Seconda ipotesi, la Bce sta a sua volta utilizzando la Fed e il suo presunto ricatto da weaponization del dollaro e delle swap lines come alibi per coprire il colossale segreto di Pulcinella contenuto nei Level 3 di alcuni istituti. E, soprattutto, la complicità degli stress test europei nel garantire uno schermo anti-rating a quelle liabilities.

A mio avviso, quest’ultimo scenario appare il più probabile. E plausibile. Ma al netto della caccia al nome del chi vuol essere agnello sacrificale che immediatamente scatta come riflesso pavloviano, forse sarebbe il caso di armarsi di sano provincialismo in questo frangente. Cioè, il colossale caos in cui si sta sostanziando il Risiko bancario nostrano, quale contraccolpo potrebbe patire da uno scossone settoriale? E, soprattutto, chi si muove e si sta già muovendo, magari sottotraccia?

L’unica certezza è che l’accountability della Bce è ormai pari a quella di Archegos, quando negava la vendita di titoli Viacom e Discovery. Forse addirittura minore. Perché di questi argomenti si tace? Perché l’unica cosa che si chiede a Francoforte è tagliare i tassi in maniera assolutamente inutile, indiscriminata, acritica e in netta contraddizione con la prosopopea da data-dependency inflazionistica durata per tutta l’uscita dal post-Covid?

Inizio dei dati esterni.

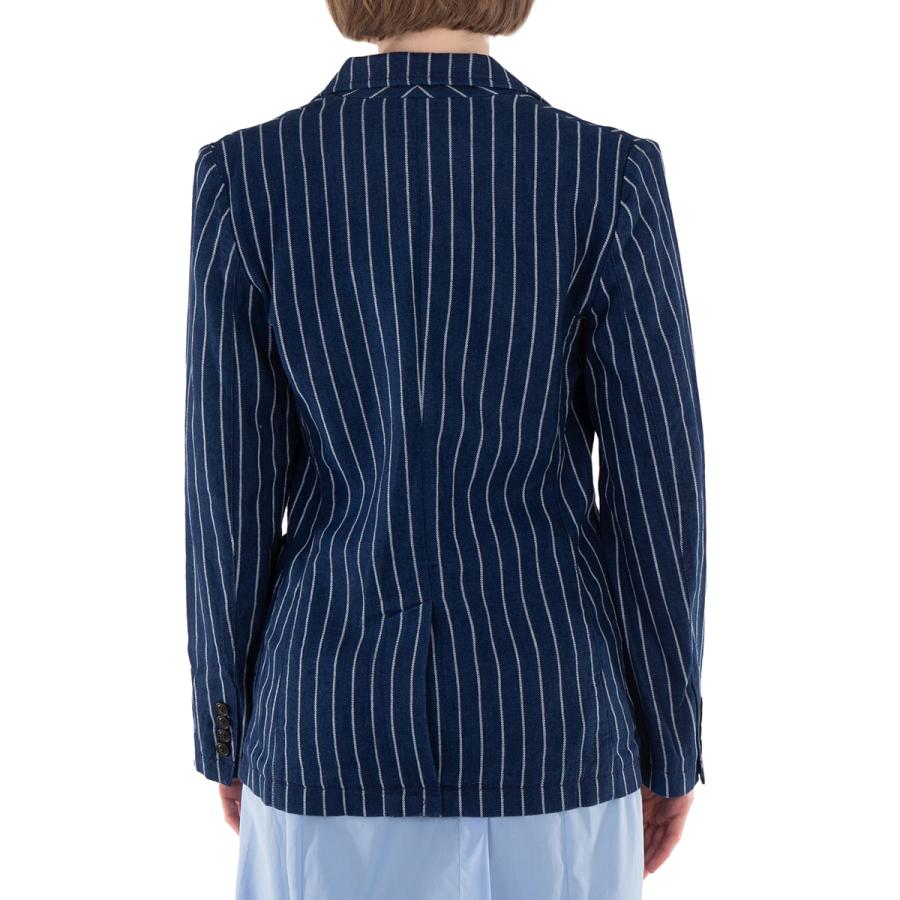 Polo Ralph Lauren Ladies Outerwear. Fashion category: Blazers. SKU: 211934940001. Color: Blue. Polo Ralph Lauren Linen-Cotton Pinstripe Blazer. Crafted from linen-cotton twill for breathability and comfort, this single-breasted jacket features a slim fit, notched lapels, structured shoulder pads, and long sleeves. 55% Linen, 45% Cotton.

L’unica risposta plausibile sembra confermare la mia seconda ipotesi. Ovvero, si tagliano i tassi come manovra da respirazione artificiale per le banche. Non certo per garantire al Signor Rossi di avere un mutuo più leggero.

E attenzione, perché da qui a pochi giorni tornano le emissioni di Btp indicizzati all’inflazione. E come si spiega il ricorso a questo strumento e la contemporanea, asfissiante richiesta di continui tagli al costo del denaro? Capite da soli come non serva un premio Nobel per l’economia. Qualcosa stona. E quando si comincia a spostare l’attenzione sul possibile incidente generato da scelte altrui (in questo caso, la Fed che blocca il finanziamento in dollari in ossequio alla strategia del demone Trump), allora è proprio il momento di guardare con attenzione dentro casa.

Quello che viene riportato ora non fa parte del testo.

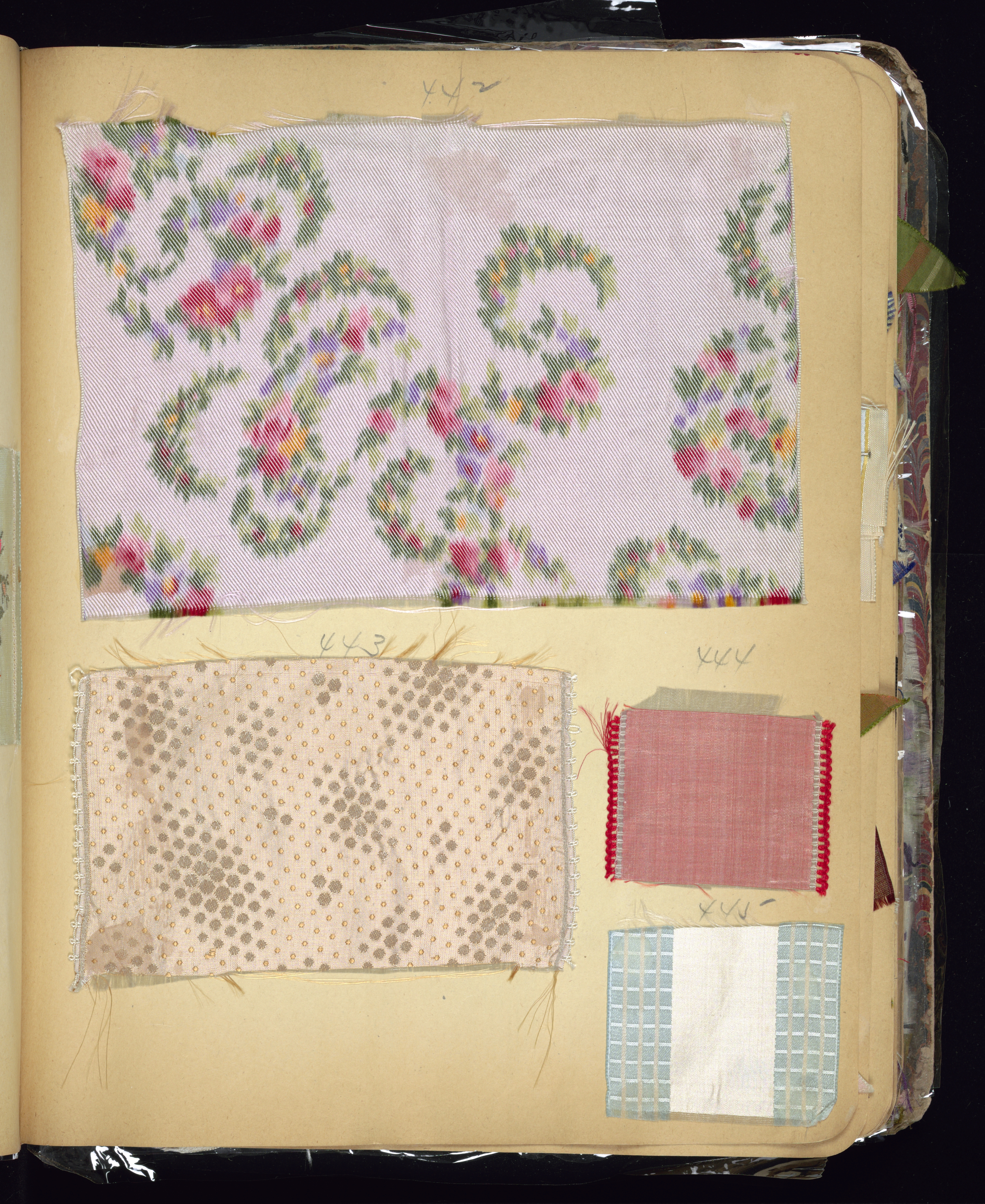 Inscription inside front cover: Presented by Mr. John G. Neeser. 11 Volumes containing samples of Brocades, Silks, Chiffons, Galloons, Velvets. About the period 1800–1815. November 1913.

Perché Donald Trump insulta Jerome Powell e la sua politica di gestione della Fed ogni giorno. Più volte al giorno. Nemmeno fosse una pastiglia per la pressione. Quindi anche in questo caso gioverebbe un po’ di chiarezza e di coerenza: sono il gatto e la volpe che giocano a dissimulare per colpire al cuore l’Europa oppure la Fed rappresenta l’ultimo baluardo di indipendenza contro il despota miliardario?

Lo ripeto, quando Mario Draghi si presenta a Coimbra con l’imprimatur del salvatore dell’Europa e se ne esce con l’ammissione di come tagliare i ponti con la Russia in campo energetico ci abbia spinto sull’orlo del precipizio macro, vale davvero tutto.

Attenzione all’estate. Al Mef sanno che qualcosa in stile 2011 sia in arrivo. Ma a differenza del duo Berlusconi-Tremonti, apparentemente qualcuno a Roma avrebbe già offerto rassicurazioni rispetto a un approccio collaborativo. E chi co-firmò la famosa letterina dell’epoca? Magari non sarà Papeete 2.0. Ma qualcosa è in gestazione. Le banche francesi ne hanno bisogno. Perché la scusa della Fed che blocca le swap lines non può essere utilizzata come allarme ancora molte volte per risultare minimamente credibile e spendibile con il pubblico. Vero Reuters?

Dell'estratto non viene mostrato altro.